Cal walked across the room and sat down at a wooden desk that was beyond restoration. The three-foot, artificial and unornamented Christmas tree standing next to the desk did little to add to the spirit of the season. He didn’t have to announce the class was over. In an awkward silence, the other students gathered their gym bags and moved toward the door. Lost in the moment, Cal rested his chin on his steepled fingers, half listening to the wail of the ambulance’s siren fading into the morning.
He tried to reassure himself that Tess Ryan would be fine, but for all his efforts he couldn’t shake the uneasy feeling that he might never see her again.
3
With a steady rain tapping against the ambulance’s windshield, Ponte eased into the receiving dock of Southeastern State University Hospital’s emergency department. Based on her en route instructions, she and her partner wheeled Tess into a critical care unit designed for the most seriously ill patients.
Much to Ponte’s surprise, there were three grim-faced doctors, two nurses, a respiratory therapist and a hospital administrator waiting for them. She exchanged a guarded look with her potbellied partner as they transferred Tess to the hospital bed. In her ten-year career, she had brought dozens of desperately ill patients to emergency rooms all over the county. Some were accident victims who were traumatized beyond recognition. Others were scarcely holding on to life from a massive heart attack or stroke. The memory of those patients was vivid in her mind. What she didn’t remember was ever being met by an entourage like the one now hovering over Tess Ryan.

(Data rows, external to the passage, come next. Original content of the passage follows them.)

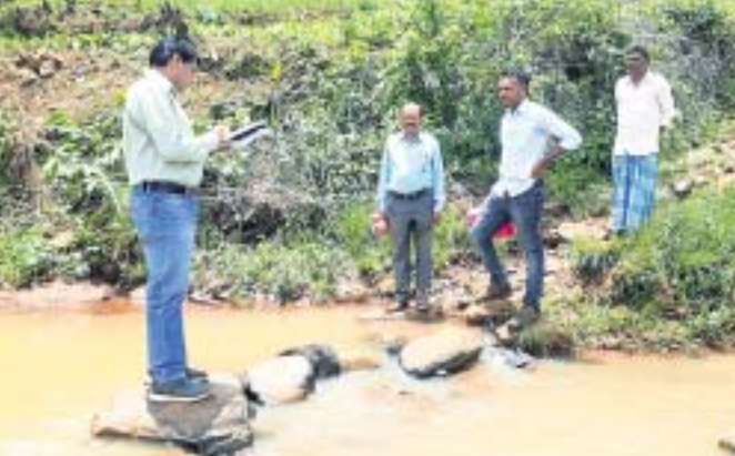
ନଦୀସ୍ଥଳ ଅନୁଧ୍ୟାନ କରୁଛନ୍ତି ବିତିଓ ଏବଂ ଯନ୍ତ୍ରୀ।

ନଦୀରେ ପୋଲ ପାଇଁ ସ୍ଥିତି ଅନୁଧ୍ୟାନ କଲେ ବିତିଓ, ଯନ୍ତ୍ରୀ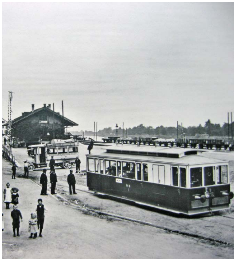
Eines der Bilder der Ausstellung „Alt-Rheineck“ im „Hecht“ zeigt das Rheinecker Tram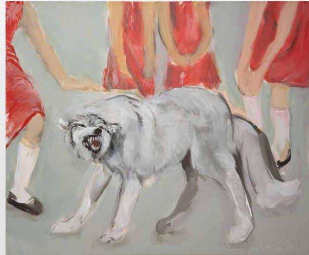
Rotkäppchen will den Wolf zähmen | 2015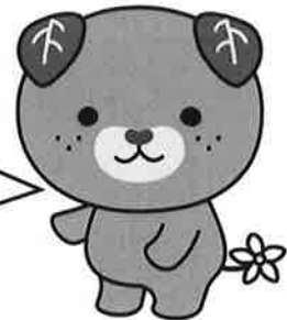
愛媛県イメージアップキャラクター みきやん

貴社にお勤めで、障がいを克服し職業人として活躍されている障がい者の方をご推薦ください。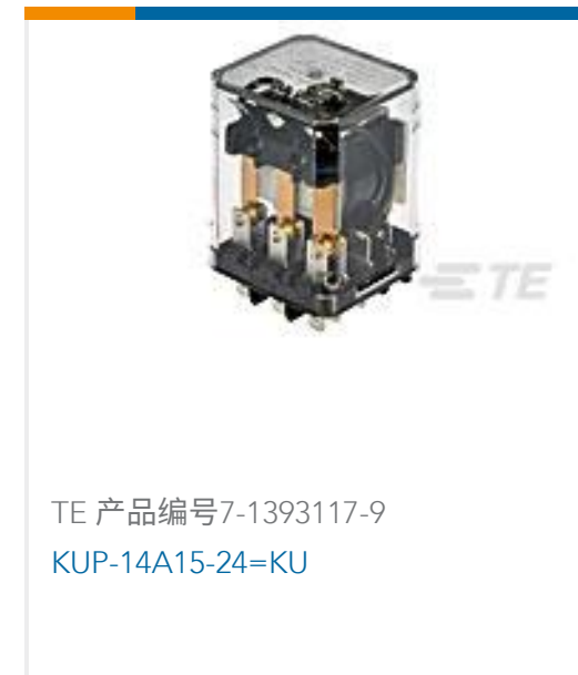
TE 产品编号7-1393117-9 KUP-14A15-24=KU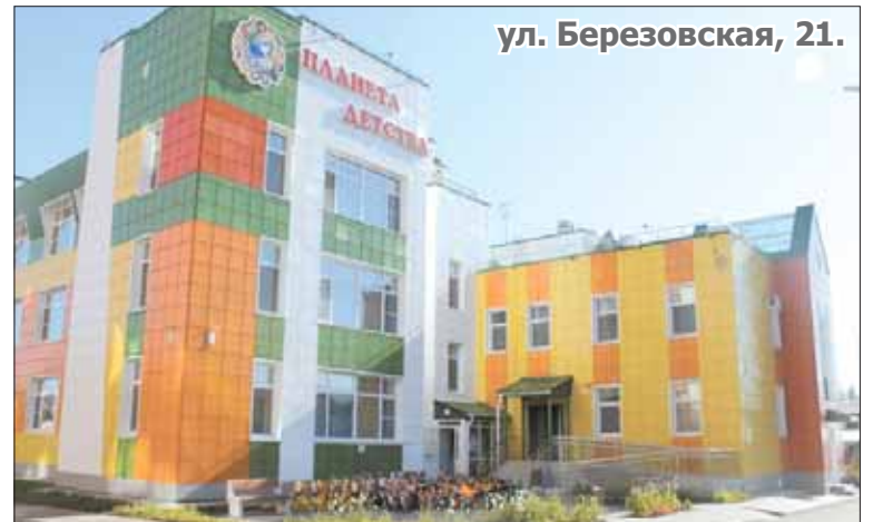
ул. Березовская, 21.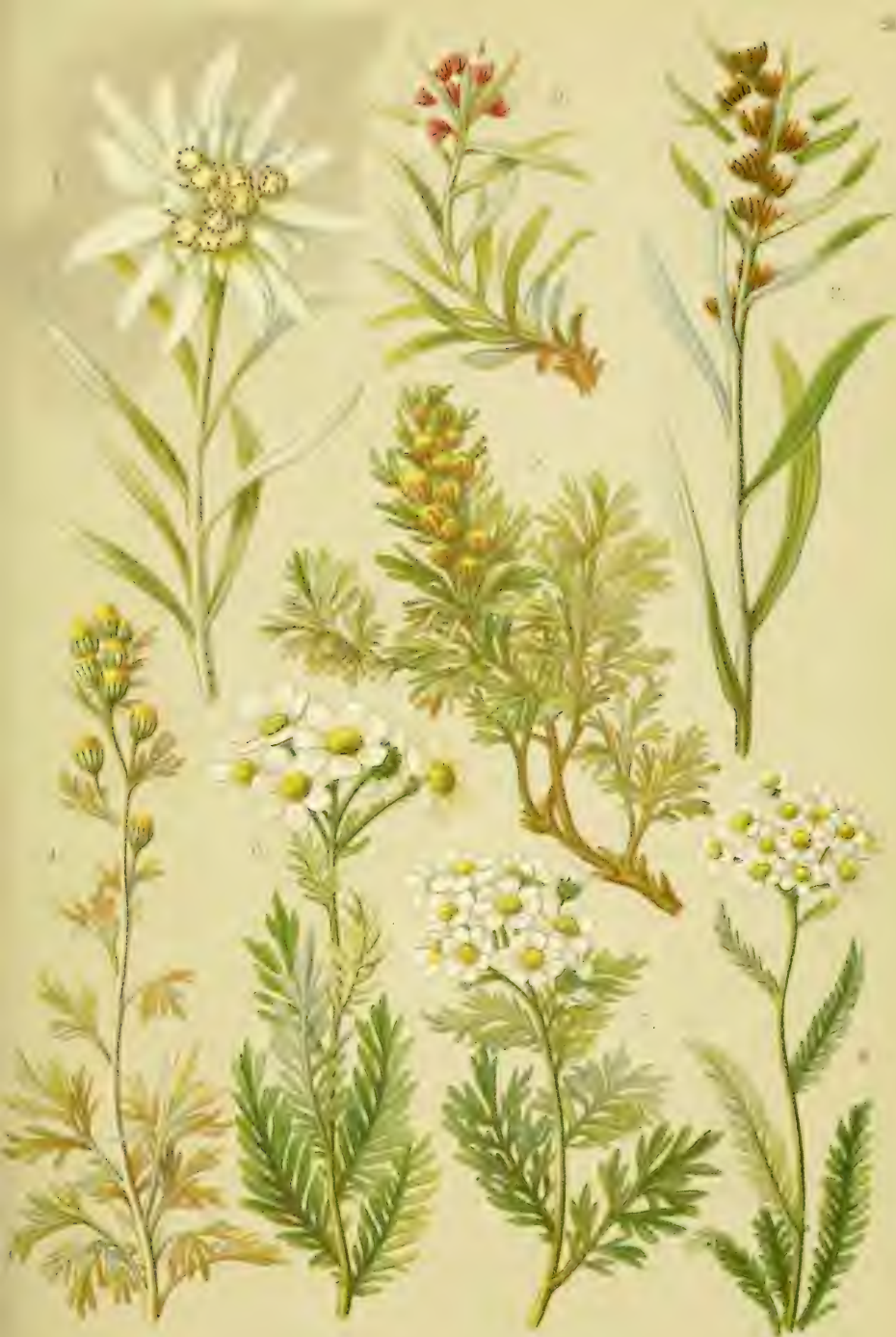
1. Gnaphalium Leontopodium . 2. Gnaph. supinum . 3. Gnaph. norvegicum . 4. Artemisia Mutellina . 5. Art. spicata . 6. Achillea moschata . 7. Ach. atrata . 8. Ach. nana .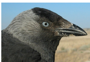
Grajilla. Diseño de la cabeza y cuello

30-31 cm. Plumaje de color negro, con parte superior de la cabeza y cuello grises; pico y patas negras.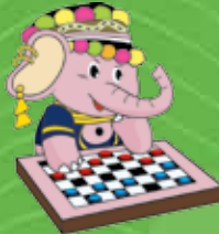
หมากฮอสไทย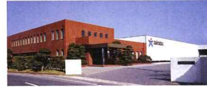
ダイマツ 本社工場 2001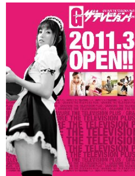
「Gザテレビジョン プラス」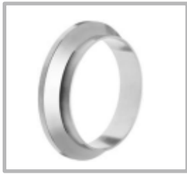
FERULA CORTA CLAMP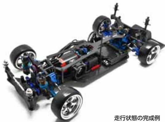
走行状態の完成例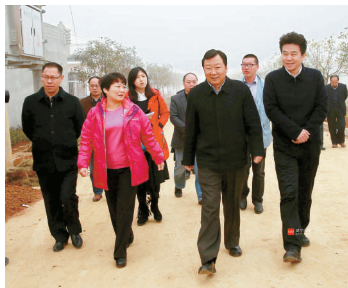
市委副书记、市长王远鹤到崇阳调研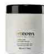
Blonde Divine odbarvovací prášek 500 g OE12015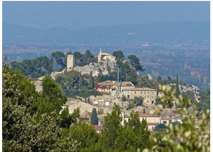
Eygalières vu depuis les Calans

⑥ L'emprunter à droite et se diriger vers Eygalières. À travers vergers et oliveraies, il coupe la D 24 b (prudence en traversant), laisse sur la droite le cimetière. Grimper à vue vers le sommet du village et sa tour. Eygalières mérite une visite. Il faut prendre le temps de flâner dans les ruelles avant de revenir au parking.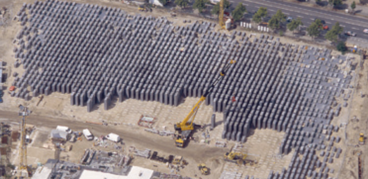
Construction du mémorial, juillet 2004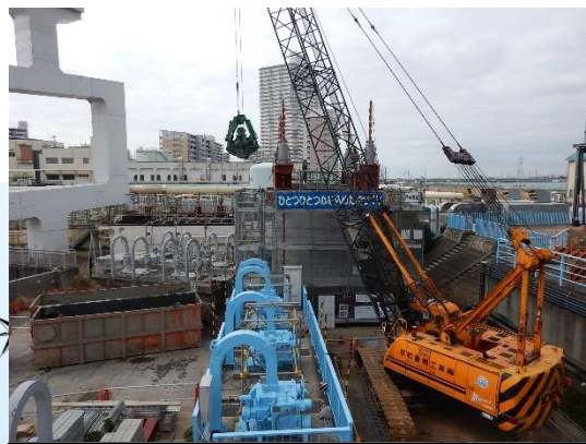
橋梁基礎の構築（掘削）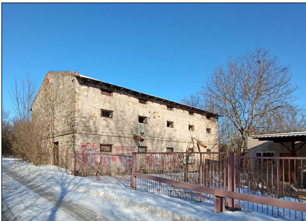
Spichlerz (młyn) w Kunowie

Wszystkie te zabytki nieruchome – od obiektów przemysłowych, przez dwory i parki, po układ urbanistyczny i cmentarze – tworzą spójną opowieść o historii, tradycji i gospodarczym rozwoju gminy Kunów. Dzięki nim mieszkańcy i turyści mogą poznać bogactwo kulturowe regionu, zrozumieć jego przeszłość oraz docenić związek człowieka z krajobrazem i zasobami naturalnymi.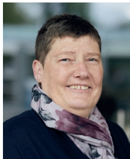
Anouk Egle Reinigung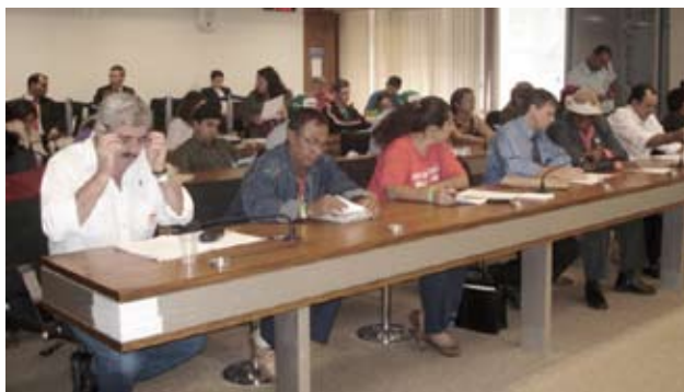
Várias audiências com representantes do governo federal foram realizadas durante o Grito

O presidente Lula garantiu que os índices de produtividade rural serão atualizados neste ano. Já a meta de assentamento para 2008 foi estabelecida em 100 mil famílias pelo Incra e 20 mil pelo PNCF.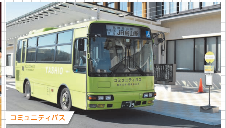
コミュニティバス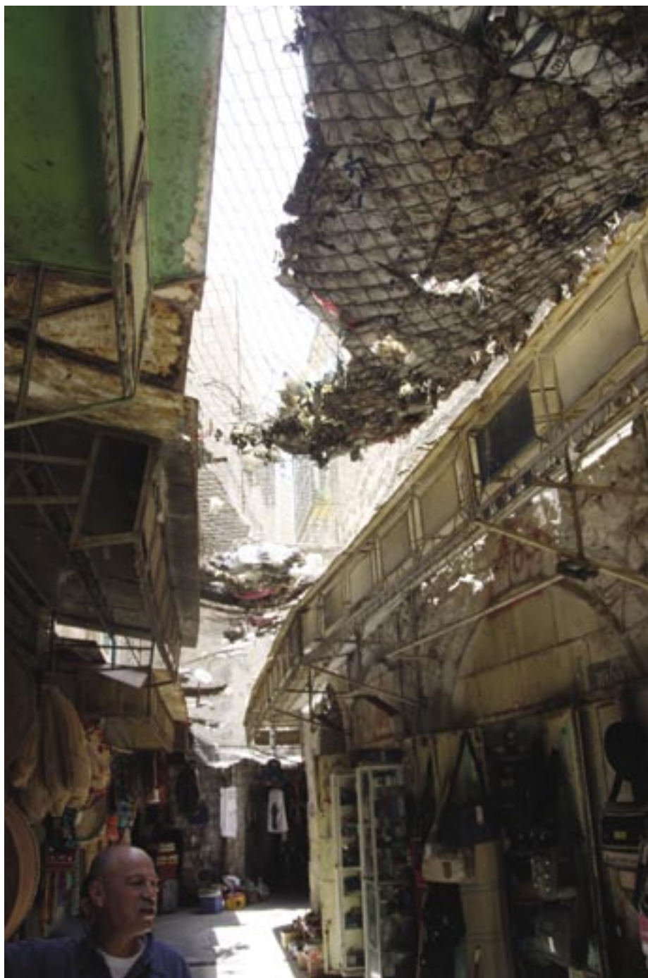
Bosättarna slänger regelmässigt ner sina sopor på basarernas nättak.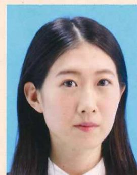
横を向いているもの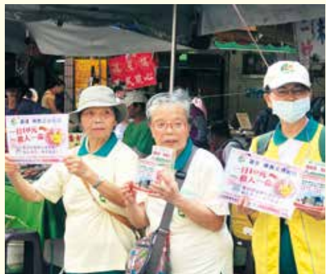
▲內湖分會-社區市場義賣勸募活動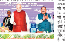
अलग-अलग कर राजनीतिक को बचाव देने का काम किया, उन्हें पश्चानाति की आवश्यकता है।

रुपयों का नहीं होता था लेकिन आज एक महीने में करोड़ों रूपयों के विकास कार्य पूरे हो रहे हैं और ये अंतर जम्मू-कश्मीर में शांति प्रस्थापित होने से आया है। अमित शाह ने कहा कि आज जम्मू-कश्मीर में लोगों के घरों में 24 घंटे बिजली आपूर्ति होती है और ये बहुत बड़ा परिवर्तन है। उन्होंने कहा कि जब नवाना परिवर्तन का स्वागत करती है तभी लोकतंत्र मान्य होता है। उन्होंने कहा कि निम्न तीन परिवारों ने जम्मू-कश्मीर में आतंकवाद, पिछड़ापन और विकास को जहा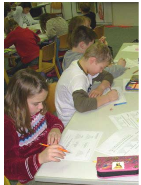
Grundschüler der Klasse 4b beim selbstständigen Arbeiten.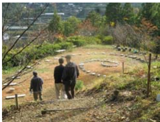
(神山AIRのアートツアー)

The physician in charge, James Lione, stood with his arms tight against his side. As soon as the two paramedics finished and stepped back, Dr. Lione stepped forward and began his examination. Sliding his stethoscope from Tess’s left chest to the right, he threw a momentary glance in Ponte’s direction.
“Did she have a fever when you got her first set of vital signs?” he asked.
“No.”
“Any drop in blood pressure?”
“We checked it three times. They were all normal.”
Lione looked up. “Was anybody else in the class sick with similar symptoms?”
“We didn’t specifically ask, but nobody mentioned feeling ill.”
“Was she responsive at any time?”
“No.”
“Do you know if she works?”
“One of the women at the gym mentioned she works in fund-raising.”
“I don’t imagine that would pose a great risk for a toxic exposure,” Lione said.
“Have you spoken to any family members to get a more detailed history?”
Ponte shook her head at the strange question. “There were none at the scene and we wanted to transport her as quickly as possible.”
With the other two physicians flanked closely at his side, Lione completed his examination. Backing away from the bed, a restrained sigh slipped through his lips. He thumbed his ear a couple of times and then motioned the other two physicians to join him on the other side of the room. They spoke softly. Ponte tried to remain as unobtrusive as possible as she struggled to hear what they were saying.